I'm going to do this one journal style I think.

Friday
After doing the first of the computer training sessions with my favourite women's group (difficult when the power is off) Sam and I commenced a totally ridiculous journey to Kumasi, the second biggest town. It's maybe 1/3 of the way up the country and should be a 4-5 hour journey from Accra. It took us, door to door, 11 hours. Firstly, we had to travel away from Accra in order to get a bus into Accra. We were very pleased when we practically walked off that bus and onto the Kumasi bus (if a little disappointed that we didn't get one of the shiny new red Kia coaches with aircon and massive seats). We were less pleased when we woke up an hour later to find ourselves sat in a petrol station in a massive rainstorm in the town where I had been that morning which is half an hour from our home, which we had already driven back past. Even less fun was the 4 hour traffic jam a further ten minutes down the road in our nearest big town. As the air on the bus was blowing and we were dressed for Accra heat most of the passengers left the bus to walk around the town. Some of the men tried to get Sam and I to get back on, but we didn't feel like it so carried on walking. A moment later we realised why they had done this, as we passed a crazy naked guy in the street. We got back on quite quickly then. When we finally passed the road blockage (which a roundabout would have solved easily) roughly half the passengers were still not on board. The driver seemed unfazed, but the passengers who were present were up in arms. Turns out the driver had good reason. After travelling for a few minutes we caught up with the others, who had walked a few miles beyond the town by the time we had got through the traffic. By this point we had already passed our supposed arrival time and still had 4 hours to travel.

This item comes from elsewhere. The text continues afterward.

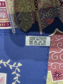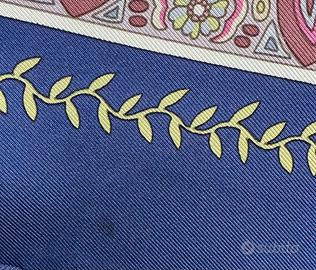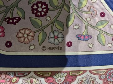 Bellissimo foulard di Hermès. Perfetto per la primavera, color lavanda. Tema: “Aux Portes du Palais” Usato poche volte. Impeccabile tranne una minuscola macchiolina sul bordo (vedi ultima foto). Privo di profumo o fili tirati. Si abbina perfettamente al blu, jeans, nero, marrone, beige… a te la scelta! Ovviamente con la sua scatola originale Hermès
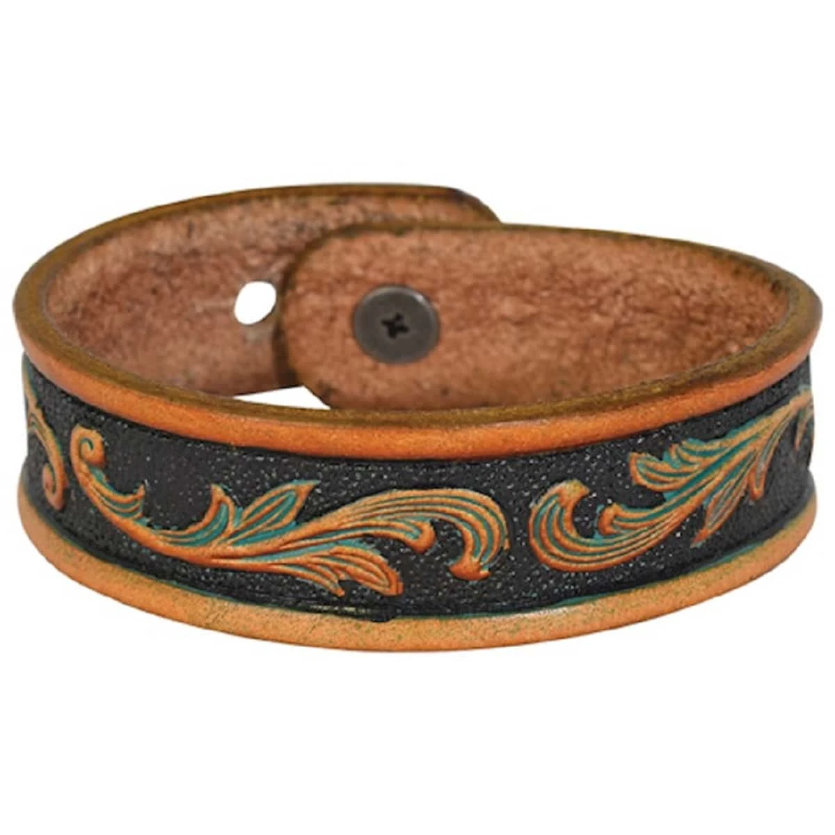 Genuine Leather; Tooled Pattern With Yellow And Turquoise; Iron Snap Closure; Style #22129BJ2

The bus continued smoothly. It shouldn't have. It should have stopped at a police checkpoint.
"There is a problem with the brakes, and a toilet." we were told when we eventually did stop. The toilet was actually a wall, against which white people would have been a bit too distinguishable in the dark. The brakes, apparently were fine for us to continue. Both of these issues would have been non-existent had we been given a shiny new red coach. We held tightly onto our seats as the driver tested the brakes every few yards. Granted, they did seem to be working fine, but we wouldn't know if they weren't. Not stopping is the point of a long distance journey. Finally, 7 hours after leaving Accra we arrived! Kumasi seemed much smaller and more rural than I had expected. The man behind us then explained "Someone is getting off here, we have maybe one and a half more hours." Excellent. We had heard some unpleasant stories about travelling this road in the dark and were both eager to arrive. Although we knew it was probably still too early for anything much to happen, both Sam and I had been running through in our heads how we would react should armed robbers attack the bus (dear parents, please be advised that Ghana is generally very safe, and there is debate over whether these stories are in fact real). Sam's approach would be to hide in a ball and hope to not be seen. Mine would be to grab my debit card and tuck it into the padding pocket in my sportsbra. I maintain that mine is a slightly more useful approach. There was a loud popping sound and the bus leant to one side and stopped. This was it. They had shot the tyres. People started standing up and leaving the bus. I reached for my debit card.
"Come on," said the man behind us, " the driver has driven off the edge of the road. We will get another bus."
Unsure whether this was a fact or a plan we followed him into the dark. We were out of town, there were no taxis, or even houses. Ahead of us another bus run by the same transport company had stopped and was letting us all get on board. It was a big shiny red Kia coach.